### How to complete this task
The required output is the exact text of the lines from the line containing "1945年10月,重庆,帕霍伊特和女友在草坪上晒太阳。杰克·威尔克斯/摄。" through the final line below, inclusive, without pictures.

---- Records for the task

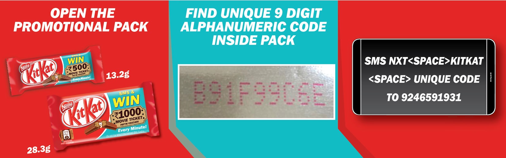 (i) As a first step, Participants are required to send an SMS with a valid Unique Code printed on the inner side of the pack from any GSM or CDMA mobile phone. e.g. NXTKITKATUNIQUECODE to 9246591931
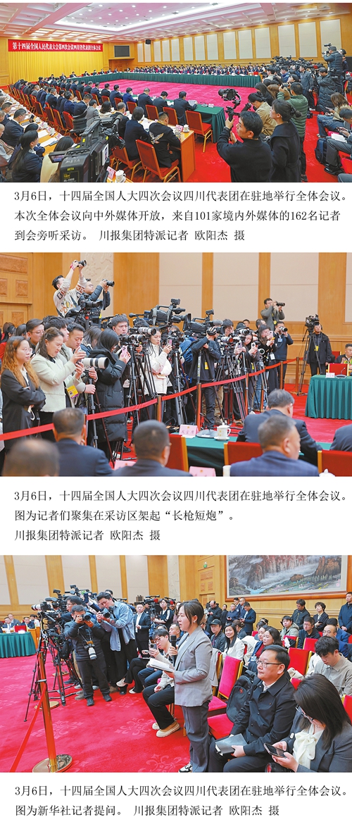 3月6日上午,十四届全国人大四次会议四川代表团举行开放团组活动,接受来自中外记者的提问。
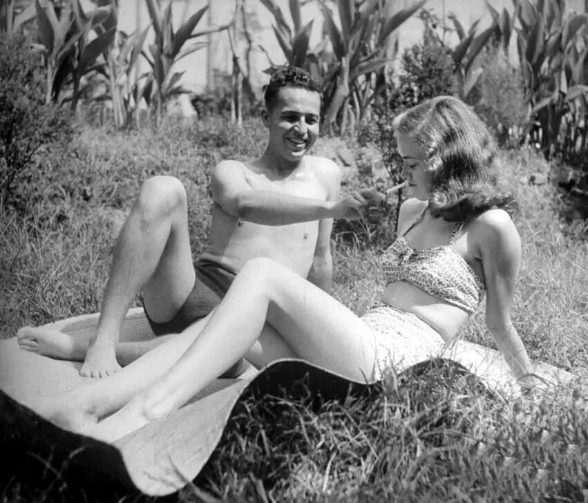 1945年10月,重庆,帕霍伊特和女友在草坪上晒太阳。杰克·威尔克斯/摄。
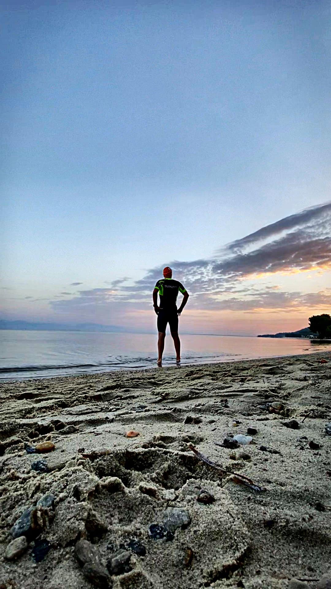 Ma trezesc si ma uit la ceas. E 4:45. Mi-am pus ceasul sa sune la 5:30, dar nu mai pot sa dorm. Am hotarat sa iau o decizie privind acest triatlon in aceasta dimineata (sambata), in ultima zi de sedere in Thassos. Stau in pat si incerc sa-mi analizez corpul. Oare sunt in stare sa-l fac? M-am pricopsit acum 4 zile cu o raceala, asa din senin. Nu foarte agresiva si cu efecte doar la nivelul nasului si gatului. Si-al ochilor, din cand in cand. Muscular n-am resimtit nimic grav. Am facut acum 2 zile un test (bicla si alergare) si parea ca fizic sunt ok. Ieri am facut un inot scurt si la fel, parea ca sunt bine. Nasul si gatul par mult mai ok decat in zilele anterioare, in rest nu ma doare nimic. Ma hotarasc, il voi face! Ma ridic din pat si incep sa-mi pregatesc tot ce tine de nutritie, hidratare, echipamentul pentru cele trei probe, diverse lucruri necesare pentru orice situatii neprevazute, si multe altele.
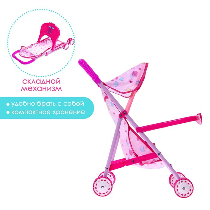 Коляска для кукол «Сладкий зайчик» универсальная, с корзиной и сумкой

--------

### Written response
 1945年10月,重庆,帕霍伊特和女友在草坪上晒太阳。杰克·威尔克斯/摄。
 Ma trezesc si ma uit la ceas. E 4:45. Mi-am pus ceasul sa sune la 5:30, dar nu mai pot sa dorm. Am hotarat sa iau o decizie privind acest triatlon in aceasta dimineata (sambata), in ultima zi de sedere in Thassos. Stau in pat si incerc sa-mi analizez corpul. Oare sunt in stare sa-l fac? M-am pricopsit acum 4 zile cu o raceala, asa din senin. Nu foarte agresiva si cu efecte doar la nivelul nasului si gatului. Si-al ochilor, din cand in cand. Muscular n-am resimtit nimic grav. Am facut acum 2 zile un test (bicla si alergare) si parea ca fizic sunt ok. Ieri am facut un inot scurt si la fel, parea ca sunt bine. Nasul si gatul par mult mai ok decat in zilele anterioare, in rest nu ma doare nimic. Ma hotarasc, il voi face! Ma ridic din pat si incep sa-mi pregatesc tot ce tine de nutritie, hidratare, echipamentul pentru cele trei probe, diverse lucruri necesare pentru orice situatii neprevazute, si multe altele.
 Коляска для кукол «Сладкий зайчик» универсальная, с корзиной и сумкой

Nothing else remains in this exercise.